GIVEN MATERIAL Block Start
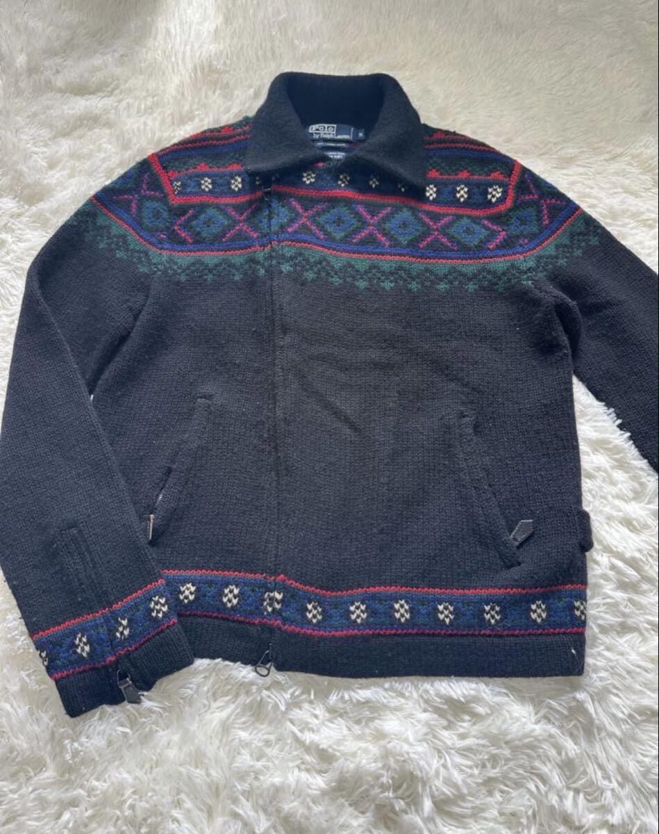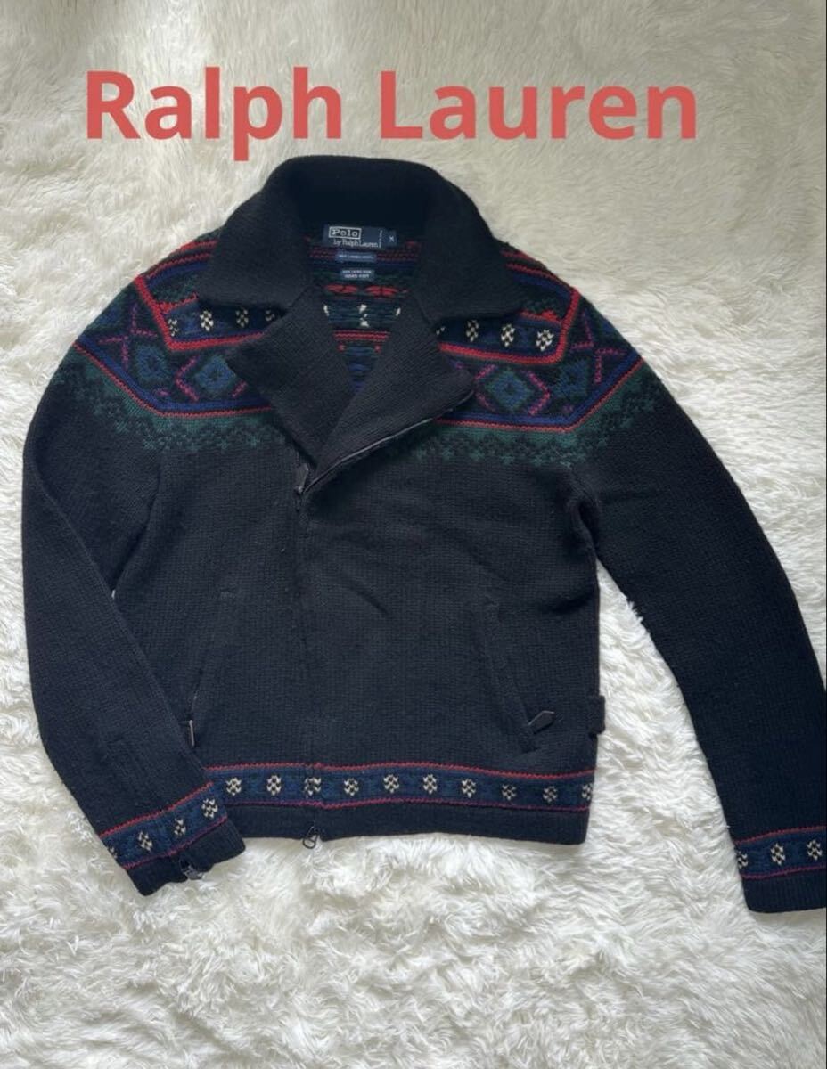 ラルフローレンの非常に珍しいネイティブ柄ニットライダースです。
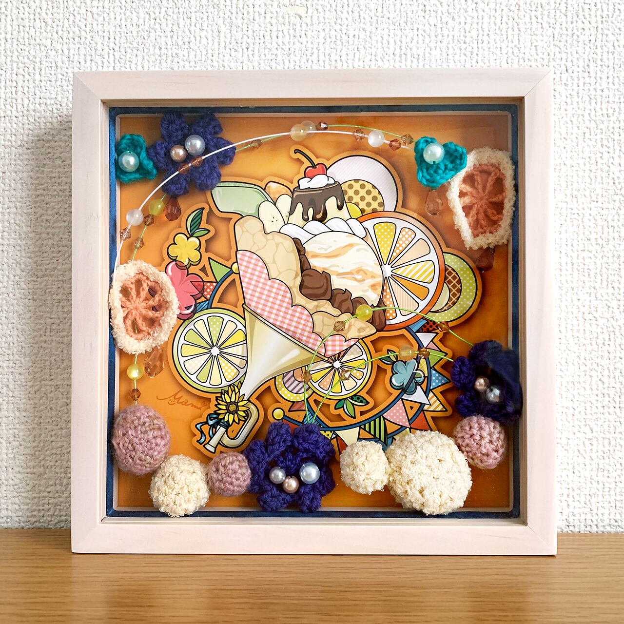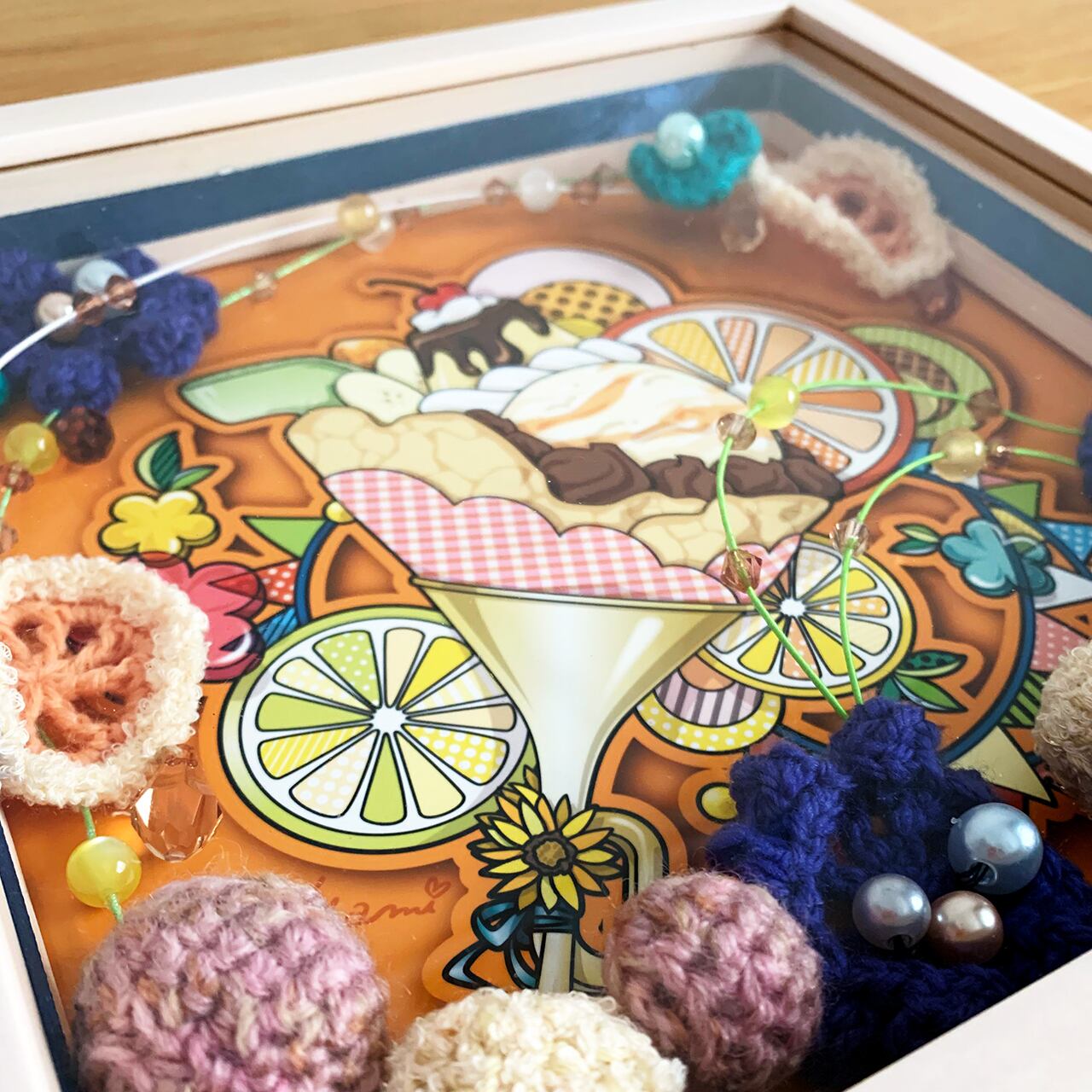 デジタルイラストとかぎ針編みを組み合わせた、立体額装作品です。
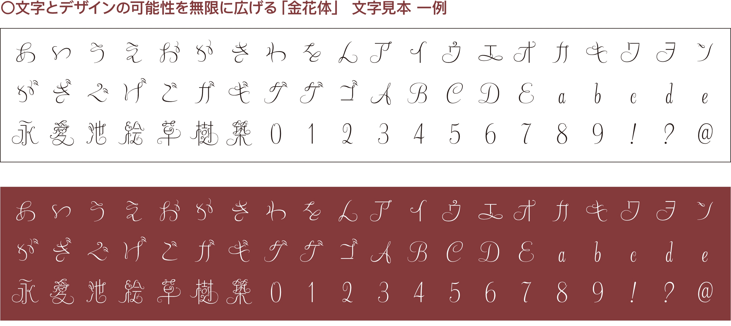 「金花体」の特長である一筆書きのように文字を続けて書く手書き文字の筆記体は、これまで欧文特有のデザインということもあり、漢字や仮名のデザインに取り入れる試みは正に革新的といえるでしょう。
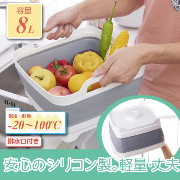 洗い桶 折りたたみ バケツ おしゃれ キッチン シリコン 四角 畳める 洗い 桶 大容量 台所 シンク 排水 食器 かご スリム ソフト 収納 水切り 排水口 軽量
GIVEN MATERIAL Block End
→ **TASK OBJECTIVE**: Restate exactly, and only, the lines from the one that holds "デジタルイラストとかぎ針編みを組み合わせた、立体額装作品です。" down to the last line of the material above. Omit the pictures.

→ **RESPONSE TO THE TASK**:
 デジタルイラストとかぎ針編みを組み合わせた、立体額装作品です。
 「金花体」の特長である一筆書きのように文字を続けて書く手書き文字の筆記体は、これまで欧文特有のデザインということもあり、漢字や仮名のデザインに取り入れる試みは正に革新的といえるでしょう。
 洗い桶 折りたたみ バケツ おしゃれ キッチン シリコン 四角 畳める 洗い 桶 大容量 台所 シンク 排水 食器 かご スリム ソフト 収納 水切り 排水口 軽量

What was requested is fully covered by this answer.